RECORDS FOR THE EXERCISE:
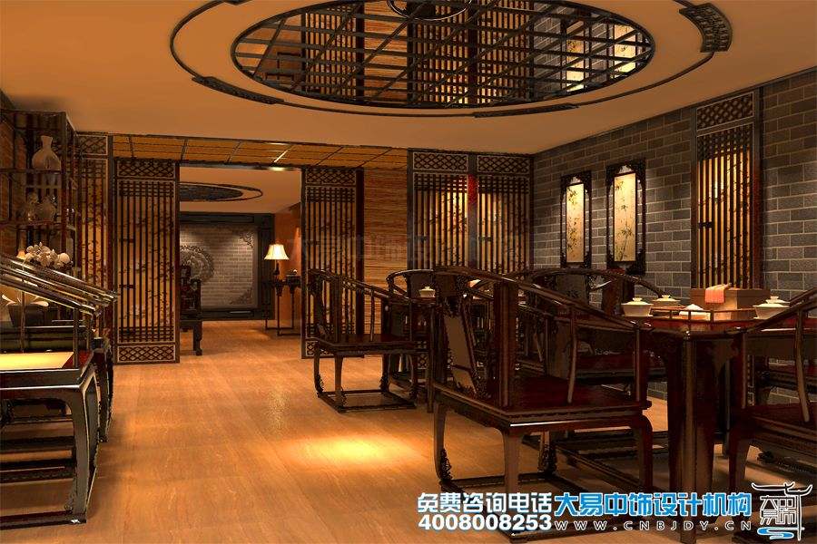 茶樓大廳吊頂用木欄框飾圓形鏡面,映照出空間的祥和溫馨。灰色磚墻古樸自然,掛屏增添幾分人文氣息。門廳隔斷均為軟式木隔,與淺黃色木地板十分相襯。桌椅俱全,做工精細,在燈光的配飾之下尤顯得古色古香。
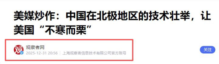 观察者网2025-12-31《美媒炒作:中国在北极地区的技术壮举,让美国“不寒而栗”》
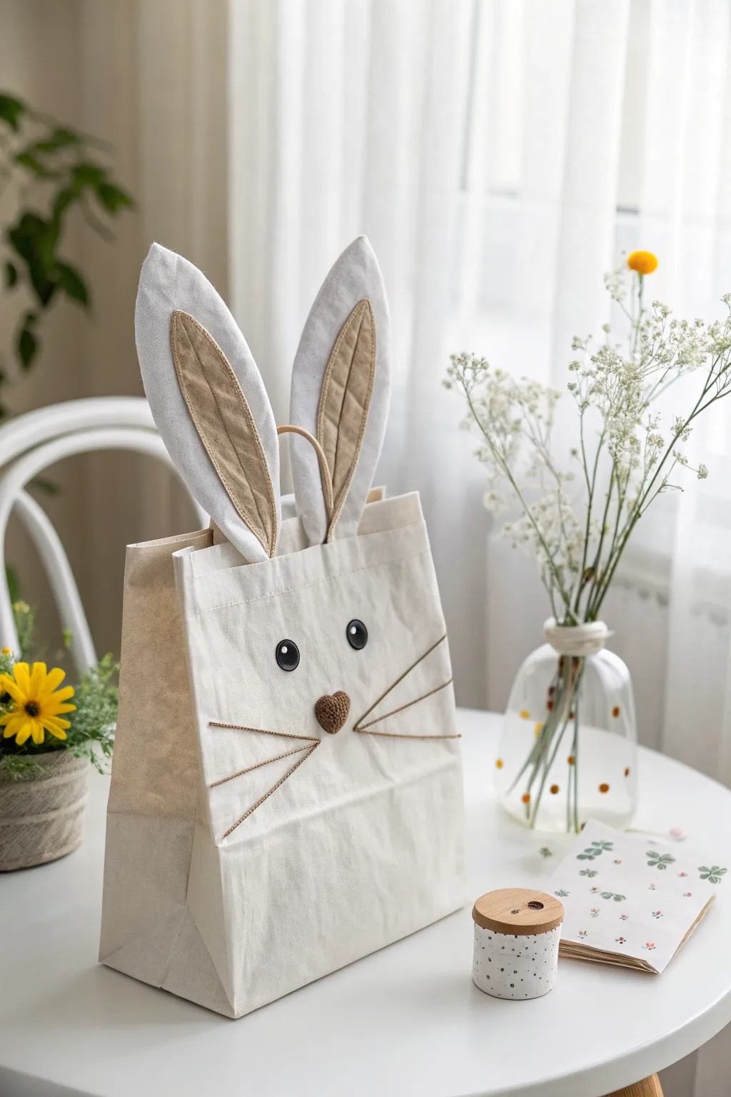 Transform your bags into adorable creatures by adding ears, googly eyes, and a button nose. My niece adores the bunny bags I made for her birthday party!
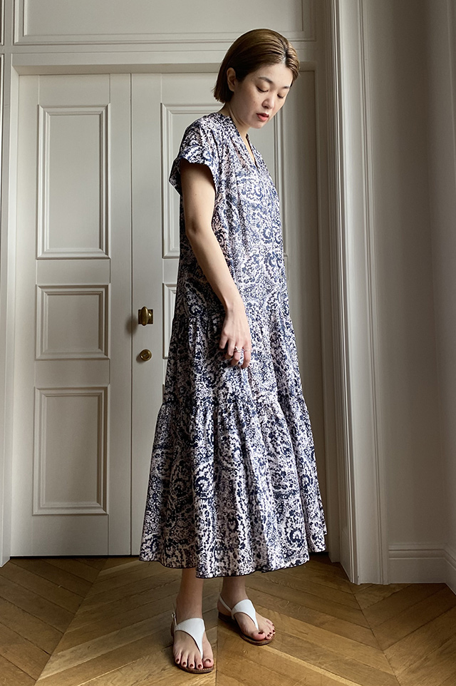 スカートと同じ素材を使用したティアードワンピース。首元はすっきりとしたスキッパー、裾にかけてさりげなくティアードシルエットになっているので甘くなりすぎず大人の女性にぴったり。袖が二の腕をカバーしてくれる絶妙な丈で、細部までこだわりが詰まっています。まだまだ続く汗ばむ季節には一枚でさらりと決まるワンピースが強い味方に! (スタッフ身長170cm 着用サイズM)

---

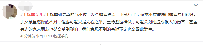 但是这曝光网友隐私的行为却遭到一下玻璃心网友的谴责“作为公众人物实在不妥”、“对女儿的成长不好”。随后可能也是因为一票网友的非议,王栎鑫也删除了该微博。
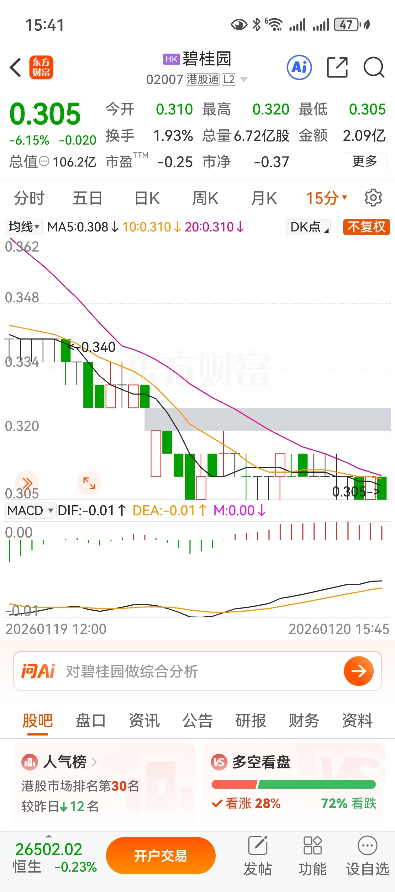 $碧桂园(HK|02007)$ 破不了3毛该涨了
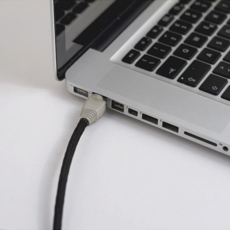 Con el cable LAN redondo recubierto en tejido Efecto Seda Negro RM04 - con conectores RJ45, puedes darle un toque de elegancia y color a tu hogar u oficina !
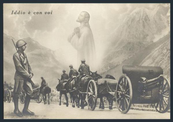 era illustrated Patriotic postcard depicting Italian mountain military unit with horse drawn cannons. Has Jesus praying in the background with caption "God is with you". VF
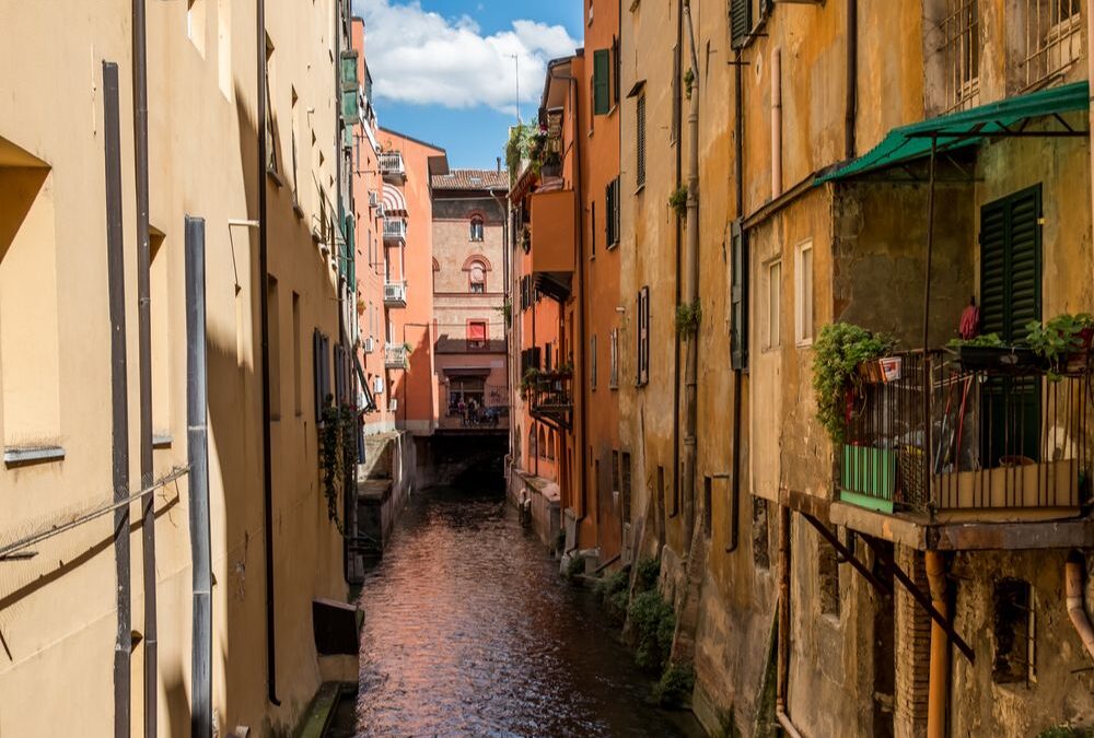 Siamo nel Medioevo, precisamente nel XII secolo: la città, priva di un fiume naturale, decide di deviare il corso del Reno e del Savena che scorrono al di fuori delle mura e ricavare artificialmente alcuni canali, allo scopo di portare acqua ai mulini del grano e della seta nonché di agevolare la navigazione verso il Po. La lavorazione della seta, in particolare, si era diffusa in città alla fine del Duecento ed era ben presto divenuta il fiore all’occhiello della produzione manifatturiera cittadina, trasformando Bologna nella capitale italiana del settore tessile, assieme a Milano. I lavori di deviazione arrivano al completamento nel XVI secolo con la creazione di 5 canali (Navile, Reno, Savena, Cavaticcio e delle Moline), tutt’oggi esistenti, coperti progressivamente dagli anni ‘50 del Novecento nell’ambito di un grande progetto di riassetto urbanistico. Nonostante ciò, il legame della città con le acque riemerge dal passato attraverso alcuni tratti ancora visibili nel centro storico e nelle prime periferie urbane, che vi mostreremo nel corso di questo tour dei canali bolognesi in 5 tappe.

WHAT IS REQUIRED:
Your copy should hold the lines from the one with "Con el cable" up to and including the one with "era illustrated Patriotic", exactly as in the data above, and no pictures.

TASK SOLUTION:
 Con el cable LAN redondo recubierto en tejido Efecto Seda Negro RM04 - con conectores RJ45, puedes darle un toque de elegancia y color a tu hogar u oficina !
 era illustrated Patriotic postcard depicting Italian mountain military unit with horse drawn cannons. Has Jesus praying in the background with caption "God is with you". VF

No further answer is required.